Task goal: From the listing below, copy each line where "lunghe" occurs.

Data extract:

+ + + + + + +

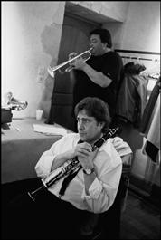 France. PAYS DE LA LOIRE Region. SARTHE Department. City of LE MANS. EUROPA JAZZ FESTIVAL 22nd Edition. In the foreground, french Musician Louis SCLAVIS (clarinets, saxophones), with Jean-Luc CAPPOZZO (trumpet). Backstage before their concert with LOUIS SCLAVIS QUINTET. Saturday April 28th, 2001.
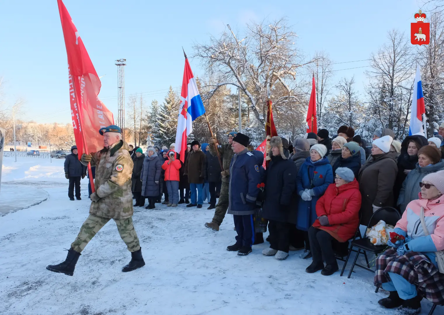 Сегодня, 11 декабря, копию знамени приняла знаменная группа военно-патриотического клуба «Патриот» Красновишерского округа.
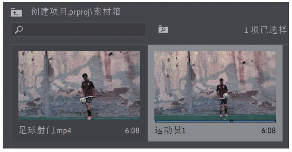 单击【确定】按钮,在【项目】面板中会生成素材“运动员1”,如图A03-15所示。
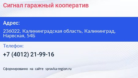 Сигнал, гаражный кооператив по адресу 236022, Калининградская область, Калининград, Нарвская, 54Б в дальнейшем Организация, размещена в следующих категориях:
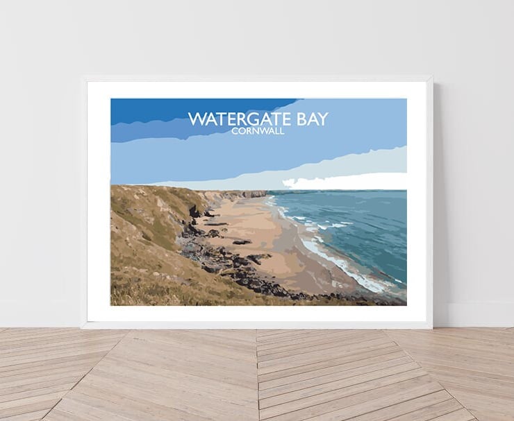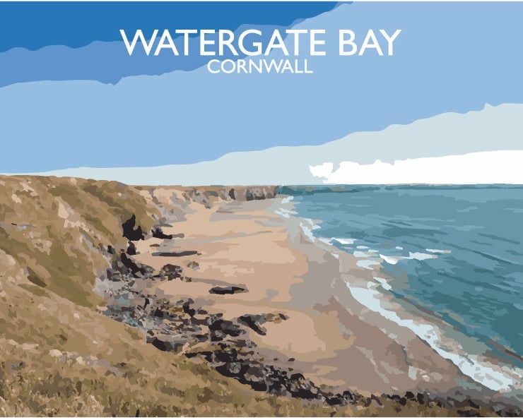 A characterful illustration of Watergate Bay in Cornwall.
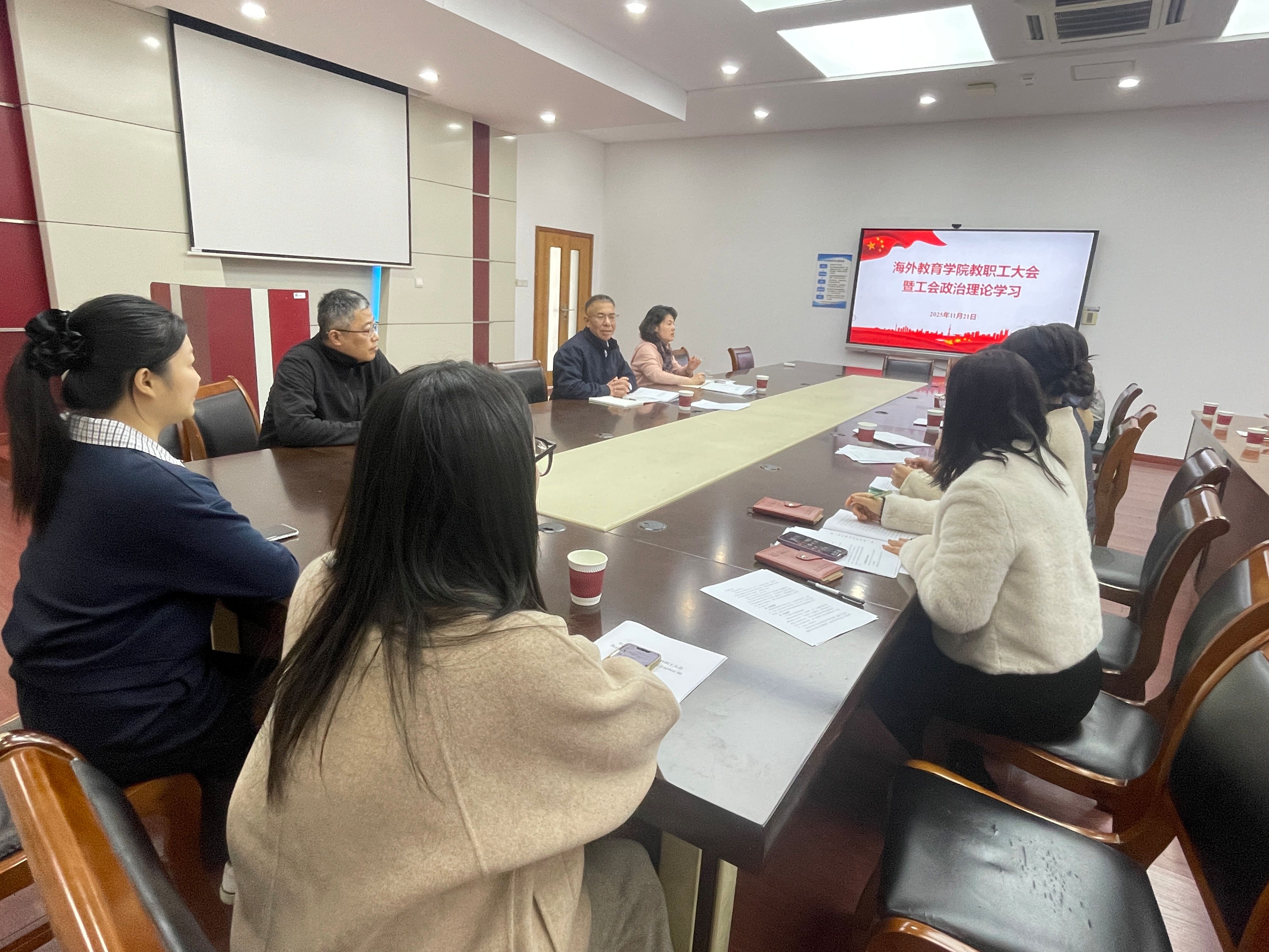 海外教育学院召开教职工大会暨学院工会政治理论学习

+ + + + + + +

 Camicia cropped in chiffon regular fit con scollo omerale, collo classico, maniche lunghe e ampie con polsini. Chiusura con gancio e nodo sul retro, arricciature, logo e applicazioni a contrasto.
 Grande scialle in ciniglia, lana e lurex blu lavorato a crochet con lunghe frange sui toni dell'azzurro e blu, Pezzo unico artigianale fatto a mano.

+ + + + + + +

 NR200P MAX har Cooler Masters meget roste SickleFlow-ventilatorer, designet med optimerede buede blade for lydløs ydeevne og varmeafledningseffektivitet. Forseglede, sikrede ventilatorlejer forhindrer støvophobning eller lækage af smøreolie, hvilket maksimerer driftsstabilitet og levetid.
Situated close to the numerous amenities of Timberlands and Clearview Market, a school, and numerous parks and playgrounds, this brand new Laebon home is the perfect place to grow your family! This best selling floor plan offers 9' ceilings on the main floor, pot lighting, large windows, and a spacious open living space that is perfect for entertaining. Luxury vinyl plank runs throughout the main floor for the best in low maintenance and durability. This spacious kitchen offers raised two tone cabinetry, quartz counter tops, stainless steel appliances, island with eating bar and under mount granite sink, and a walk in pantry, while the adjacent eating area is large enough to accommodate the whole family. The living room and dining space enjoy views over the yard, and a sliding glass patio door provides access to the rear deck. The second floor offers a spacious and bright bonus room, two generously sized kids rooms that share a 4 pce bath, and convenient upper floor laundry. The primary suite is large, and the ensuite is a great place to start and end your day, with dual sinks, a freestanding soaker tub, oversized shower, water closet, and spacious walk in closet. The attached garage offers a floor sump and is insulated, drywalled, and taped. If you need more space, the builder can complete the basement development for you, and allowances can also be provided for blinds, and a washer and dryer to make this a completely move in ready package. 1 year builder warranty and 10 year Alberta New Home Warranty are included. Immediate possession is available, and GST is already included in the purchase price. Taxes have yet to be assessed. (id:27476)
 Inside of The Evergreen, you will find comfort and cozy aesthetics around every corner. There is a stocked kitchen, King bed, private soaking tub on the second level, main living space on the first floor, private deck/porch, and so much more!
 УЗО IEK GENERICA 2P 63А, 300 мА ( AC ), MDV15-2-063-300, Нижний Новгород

+ + + + + + +

Reply to the task:
 Camicia cropped in chiffon regular fit con scollo omerale, collo classico, maniche lunghe e ampie con polsini. Chiusura con gancio e nodo sul retro, arricciature, logo e applicazioni a contrasto.
 Grande scialle in ciniglia, lana e lurex blu lavorato a crochet con lunghe frange sui toni dell'azzurro e blu, Pezzo unico artigianale fatto a mano.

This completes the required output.